Compressive Sensing is a technique that can help reduce the sampling rate of sensing tasks. In mobile crowdsensing applications or wireless sensor networks, the resource burden of collecting samples is often a major concern. Therefore, compressive sensing is a promising approach in such scenarios. An implicit assumption underlying compressive sensing -- both in theory and its applications -- is that every sample has the same cost: its goal is to simply reduce the number of samples while achieving a good recovery accuracy. In many networked sensing systems, however, the cost of obtaining a specific sample may depend highly on the location, time, condition of the device, and many other factors of the sample. In this paper, we study compressive sensing in situations where different samples have different costs, and we seek to find a good trade-off between minimizing the total sample cost and the resulting recovery accuracy.
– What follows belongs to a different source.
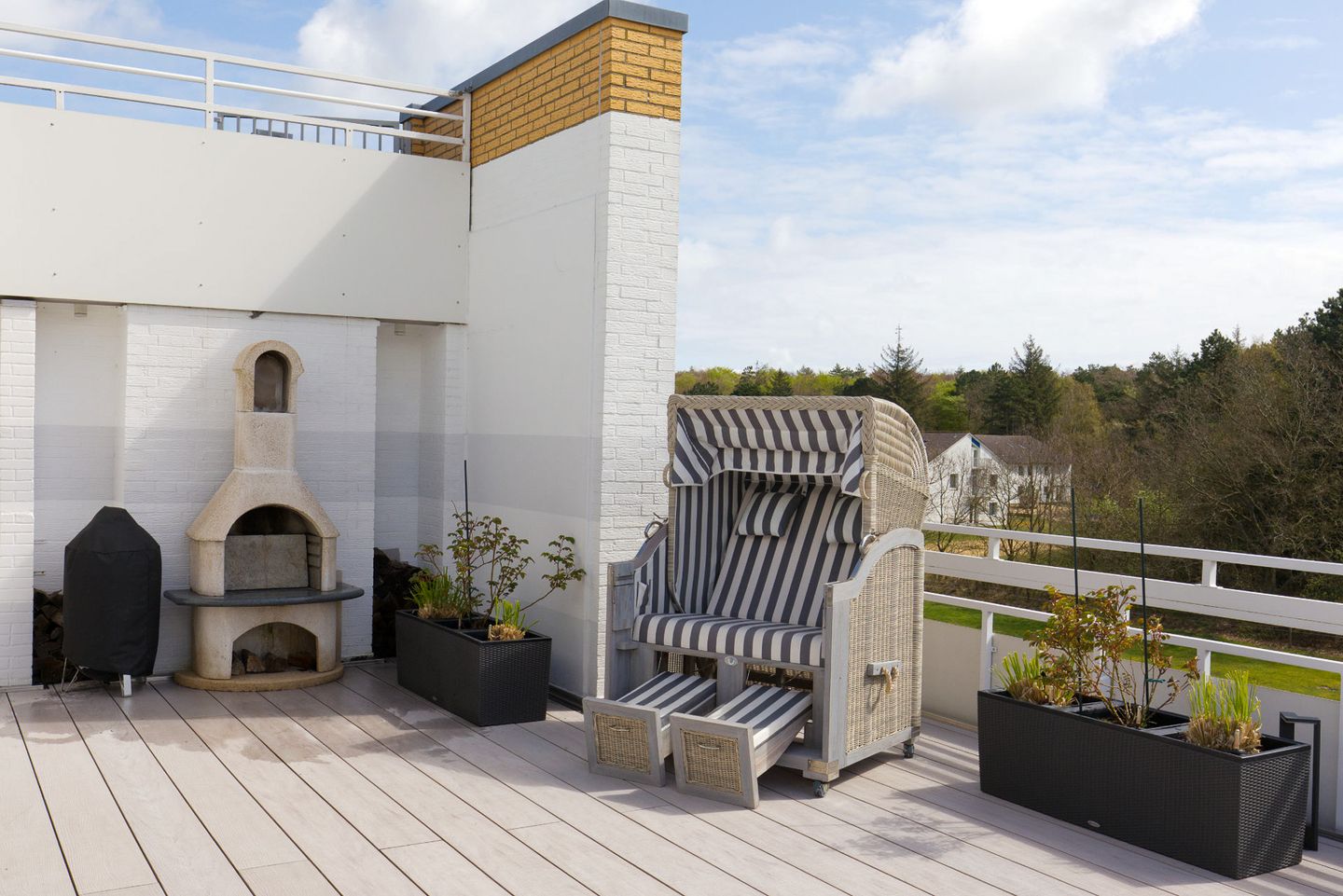 Das Haus bietet einen großzügigen Wellnessbereich mit Schwimmbad (29 °C, Gegenstromanlage), Sauna, Dampfbad und Ruheraum mit Zugang zum Innenhof. Die gemeinschaftliche Dachterrasse des Hauses lädt mit Strandkörben und Weitblick bis zur Insel Neuwerk zum Verweilen ein.

We design Cost-Aware Compressive Sensing (CACS), which incorporates the cost-diversity of samples into the compressive sensing framework, and we apply CACS in networked sensing systems. Technically, we use regularized column sum (RCS) as a predictive metric for recovery accuracy, and use this metric to design an optimization algorithm for finding a least cost randomized sampling scheme with provable recovery bounds. We also show how CACS can be applied in a distributed context. Using traffic monitoring and air pollution as concrete application examples, we evaluate CACS based on large-scale real-life traces. Our results show that CACS achieves significant cost savings, outperforming natural baselines (greedy and random sampling) by up to 4x.
网络传感系统的成本感知压缩感知
压缩感知是一种有助于降低感知任务采样率的技术。在移动众测应用或无线传感器网络中,采集样本的资源负担往往是一个主要问题。因此,在这种情况下,压缩感知是一种很有前途的方法。压缩感知的一个隐含假设——无论是在理论上还是在应用中——是每个样本都有相同的成本:它的目标是简单地减少样本数量,同时获得良好的恢复精度。然而,在许多联网传感系统中,获得特定样品的成本可能高度依赖于样品的位置、时间、设备条件和许多其他因素。在本文中,我们研究了不同样本具有不同成本的情况下的压缩感知,并寻求在最小化总样本成本和由此产生的恢复精度之间找到一个很好的权衡。我们设计了成本感知压缩感知(CACS),将样本的成本多样性纳入压缩感知框架,并将其应用于网络感知系统。从技术上讲,我们使用正则化列和(RCS)作为恢复精度的预测指标,并使用该指标设计了一种优化算法,用于寻找具有可证明恢复界限的最小成本随机抽样方案。我们还将展示如何在分布式上下文中应用CACS。以交通监测和空气污染为具体应用实例,基于大规模的现实生活轨迹对CACS进行了评估。我们的结果表明,CACS实现了显著的成本节约,优于自然基线(贪婪和随机抽样)高达4倍。
本文章由计算机程序翻译,如有差异,请以英文原文为准。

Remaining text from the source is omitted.